--- START ---

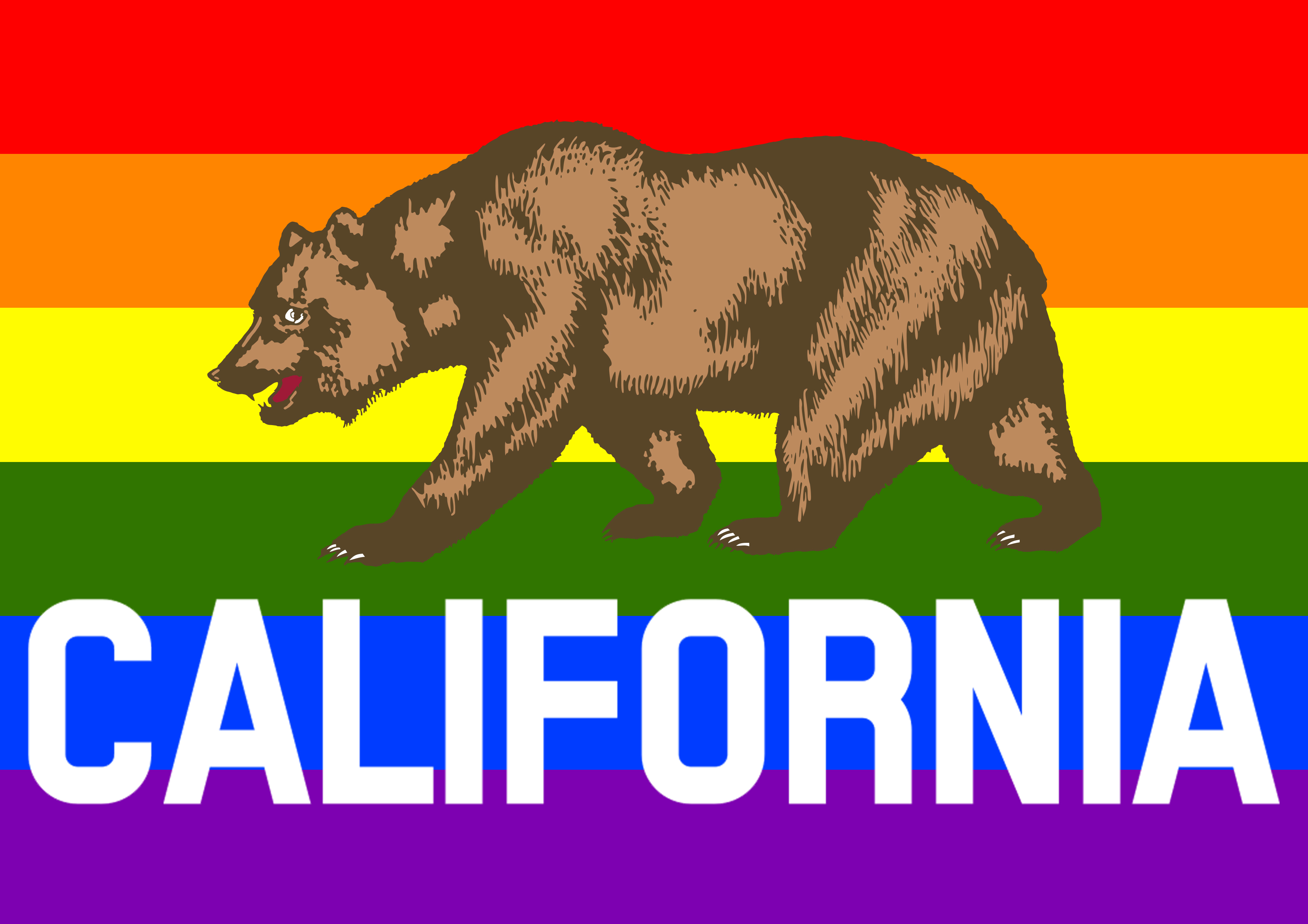 This features a large bear walking across the state of California. The bear is positioned in the center of the scene, with its body stretching from left to right. Above the bear, there is a rainbow flag that adds a vibrant touch to the scene. The word "California" is written below the bear, emphasizing the location of this iconic symbol.
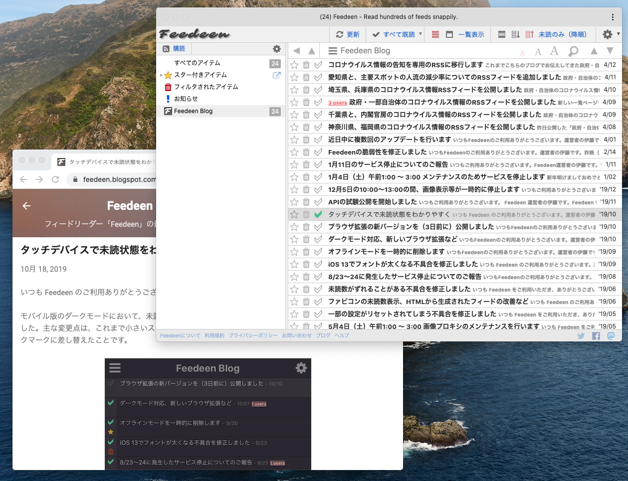 デスクトップ OS では、独立したウインドウでFeedmoonの画面が表示され、 Web ブラウザのアドレスバーなどは一切表示されません。
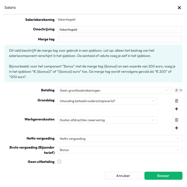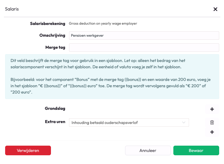 - Voeg achter grondslag, via het plusteken, het zojuist aangemaakte component aanvullend geboorteverlof toe.
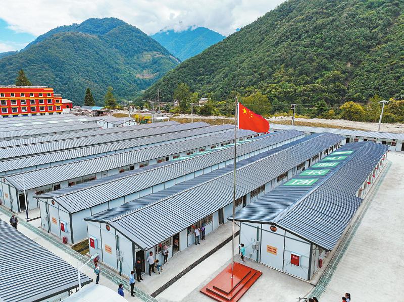 當(dāng)日,瀘定地震集中過渡安置房交付使用,430戶受災(zāi)群眾告別臨時帳篷,陸續(xù)搬進(jìn)位于磨西鎮(zhèn)、得妥鎮(zhèn)的過渡板房安置點。

--- END ---

• Requirement:
Please transcribe each line above exactly, but leave the images out.

• Exercise output:
 This features a large bear walking across the state of California. The bear is positioned in the center of the scene, with its body stretching from left to right. Above the bear, there is a rainbow flag that adds a vibrant touch to the scene. The word "California" is written below the bear, emphasizing the location of this iconic symbol.
 デスクトップ OS では、独立したウインドウでFeedmoonの画面が表示され、 Web ブラウザのアドレスバーなどは一切表示されません。
 - Voeg achter grondslag, via het plusteken, het zojuist aangemaakte component aanvullend geboorteverlof toe.
 當(dāng)日,瀘定地震集中過渡安置房交付使用,430戶受災(zāi)群眾告別臨時帳篷,陸續(xù)搬進(jìn)位于磨西鎮(zhèn)、得妥鎮(zhèn)的過渡板房安置點。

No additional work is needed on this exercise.